▶ [Data provided]:
========================================================================

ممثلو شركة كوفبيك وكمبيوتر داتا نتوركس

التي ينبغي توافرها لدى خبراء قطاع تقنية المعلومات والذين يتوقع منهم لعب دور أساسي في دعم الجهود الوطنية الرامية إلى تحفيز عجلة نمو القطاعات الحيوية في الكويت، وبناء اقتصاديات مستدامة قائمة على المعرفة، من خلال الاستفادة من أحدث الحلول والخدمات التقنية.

========================================================================

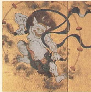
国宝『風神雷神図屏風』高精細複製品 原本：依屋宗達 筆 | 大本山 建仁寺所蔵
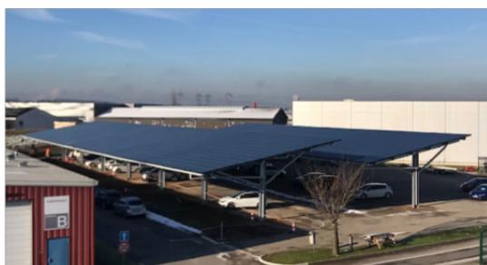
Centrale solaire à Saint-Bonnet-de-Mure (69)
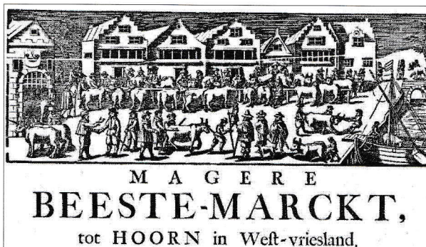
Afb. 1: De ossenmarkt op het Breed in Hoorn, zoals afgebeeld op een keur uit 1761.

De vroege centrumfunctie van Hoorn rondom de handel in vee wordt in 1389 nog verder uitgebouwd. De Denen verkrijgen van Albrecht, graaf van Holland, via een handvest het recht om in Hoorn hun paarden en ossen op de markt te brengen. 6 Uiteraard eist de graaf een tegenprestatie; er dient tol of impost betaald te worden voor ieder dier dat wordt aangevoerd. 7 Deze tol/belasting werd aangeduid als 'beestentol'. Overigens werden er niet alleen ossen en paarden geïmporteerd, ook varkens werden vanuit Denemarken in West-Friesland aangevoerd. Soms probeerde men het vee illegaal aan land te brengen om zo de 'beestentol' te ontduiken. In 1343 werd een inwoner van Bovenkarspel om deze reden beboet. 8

========================================================================

▶ [Problem description]: Give the count of lines in the records that contain "Hoorn", and no other text.

▶ [Result of the exercise]: 2